Perjalanan Filsafat dari Masa Yunani Kuno
hingga Masa Modern
Filsafat Yunani bertumbuh atas dasar pemikiran mitis dan arkais menuju ke suatu refleksi sistematis mengenai susunan dalam (logos) segala sesuatu yang terjadi. Perkembangan ini kita saksikan pada abad ke-6 dan ke-5 sebelum masehi di daerah Ionia dan Yunani Raya (Sisilia dan Italia Selatan). Perkembangan filsafat Yunani ini membentuk suatu pemikiran yang sangat terkenal sepanjang sejarah berkembangnya filsafat. Terbagi menjadi dua buah aliran, yaitu filsafat tesis (tetap) dan filsafat antitesis (berubah).

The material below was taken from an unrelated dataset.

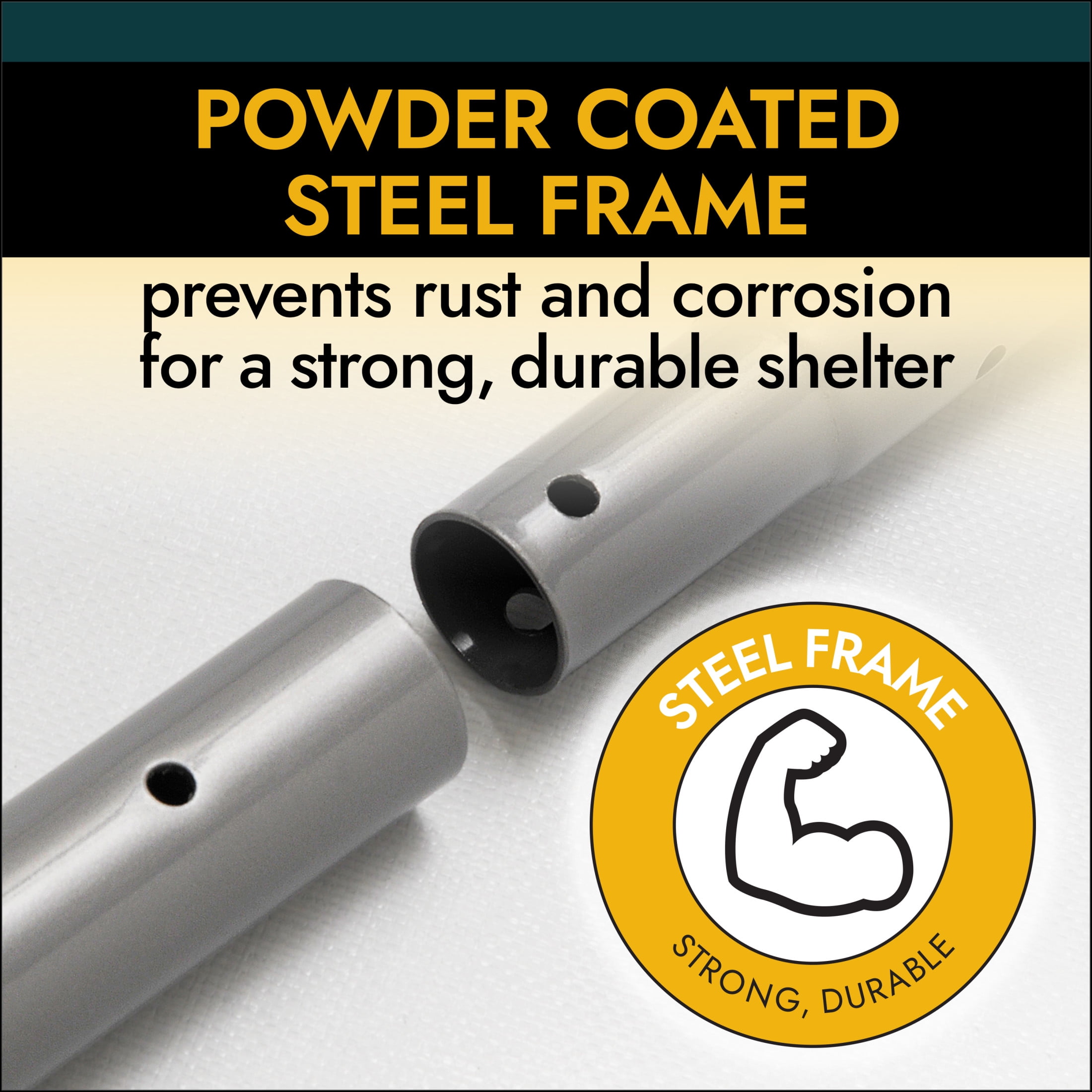 - Patent pending Shelter Lock stabilizer block at every rib connection adds rock solid strength and stability to frame.

Tokoh aliran tesis yang berpengaruh antara lain Parmenides. Merupakan filsuf yang terkenal dengan ‘Jalan Kebenaran’nya. Inti utama dari Jalan Kebenaran adalah keyakinan bahwa “hanya ‘yang ada’ itu ada”. Parmenides tidak mendefinikan apa yang dimaksud dengan “yang ada”, namun ia menyebutkan sifat – sifatnya. Menurut Parmenides, “yang ada” memiliki sifat meliputi segala sesuatu, tidak berubah, dan tidak menghancurkan. Di samping itu, “yang ada” juga tidak tergoyahkan serta sulit untuk disangkal. Pemikiran Parmenides ini telah membuka babak baru dalam sejarah filsafat Yunani. Banyak yang mengatakan Parmenides adalah penemu metafisika, suatu cabang filsafat yang menyelidiki “yang ada”. Kemudian filsafat pada masa selanjutnya, membahas tentang masalah –masalah yang pernah dikemukakan oleh Parmenides, yakni bagaimana suatu pemikiran yang dicocokkan dengan data-data inderawi. Munculah tokoh tokoh seperti Plato dan Aristoteles yang merupakan filsuf-filsuf yang memberikan pemecahan untuk masalah masalah tersebut.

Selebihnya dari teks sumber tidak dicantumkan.